Three men lifted up the body of the poor miserable wretch, which was still juddering with the last mechanical convulsions of the life that had flown, and threw it over the small barricade into Mondétour alleyway.

Enjolras remained lost in thought. It was hard to know what imposing shadows were slowly spreading over his awsome serenity. Suddenly he raised his voice. Everyone fell silent.

“Citizens,” said Enjolras, “what that man did is horrifying and what I did is horrible. He shot someone and that is why I killed him. I had to do it, for an insurrection must be disciplined. Murder is even more of a crime here than elsewhere; we are under the eye of the revolution, we are the priests of the Republic, we are the sacramental hosts of duty and no one must be able to vilify our struggle. So I judged that man and sentenced him to death. As for myself, forced to do what I did, but abhorring it, I have judged myself as well and you will soon see what I have sentenced myself to.” Those who were listening shuddered.

“We will share your fate,” cried Combeferre.

“So be it,” Enjolras went on. “One other thing. In executing that man, I obeyed necessity. But necessity is a monster of the old world, necessity is called Fatality. Now, the law of progress has it that monsters disappear in the face of angels, and that Fatality evaporates in the face of Fraternity. This is a bad moment to utter the word love. Never mind, I utter it, and I glorify it. Love, you hold the future in your hands. Death, I use you, but I hate you. Citizens, in the future there will be no darkness, no thunderbolts, no vicious ignorance, no bloody eye for an eye, blood for blood. Since there will be no more Satan, there will be no more Michael.2 In the future no one will kill anyone, the earth will shine, the human race will love. It will come, citizens, the day when all will be peace, harmony, light, joy, and life, it will come. And it is so that it comes that we are going to die.” Enjolras was silent. His virgin lips closed; and he remained for some time standing at the spot where he had spilled blood, as still as a marble statue. His staring eyes made everyone drop their voices around him.

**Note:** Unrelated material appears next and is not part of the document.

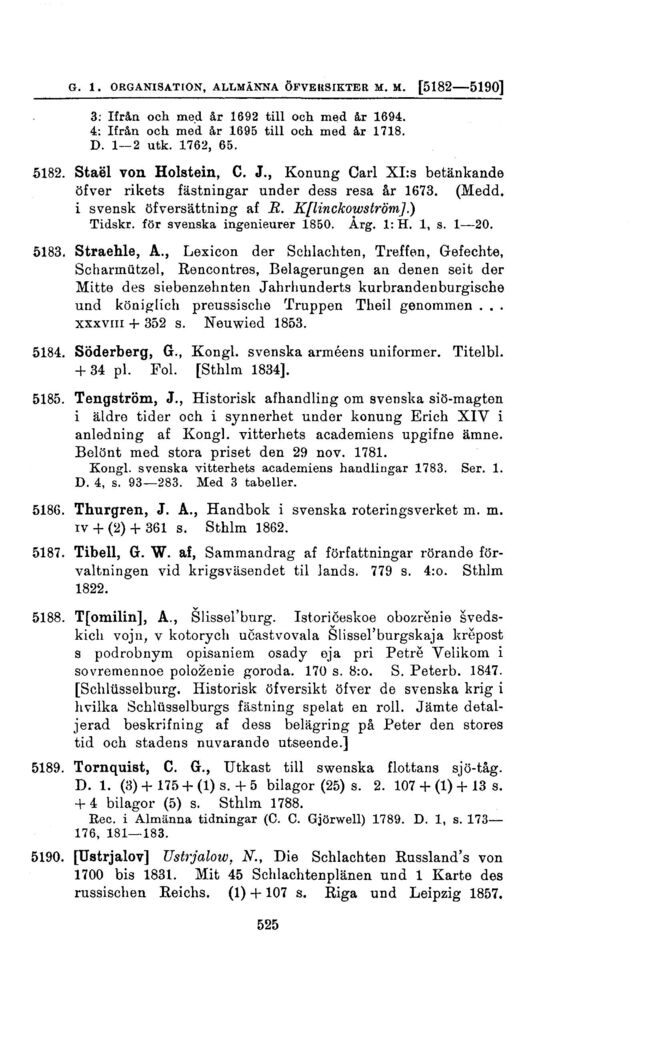 g. 1. organisation, allmänna öfversikter m. m. [5151 — 5157]

Jean Prouvaire and Combeferre quietly shook hands, and leaning on each other at the corner of the barricade, studied with an admiration that had a touch of compassion in it this grave young man, executioner and priest, made of light like crystal, and of rock, too.

We should say right now that later, after the action, when the bodies were taken to the morgue and searched, a police officer’s card was found on Le Cabuc. In 1848, the author of this book held in his own hands the special report on this subject made to the prefect of police in 1832.

We should add that, if we are to believe a strange but probably well-founded police tradition, Le Cabuc was Claquesous. The fact is that, after the death of Le Cabuc, nothing more was ever heard of Claquesous. Claquesous left no trace of his disappearance; he seemed to have vanished into thin air. His life had been darkness, his end was invisible night.

The whole group of insurgents was still in the grip of the emotion of this tragic trial, so quickly set up and so quickly ended, when Courfeyrac spotted in the barricade the young man who had been looking for Marius at his place that morning.

This boy, who had a bold and reckless look, had come at night to join the insurgents.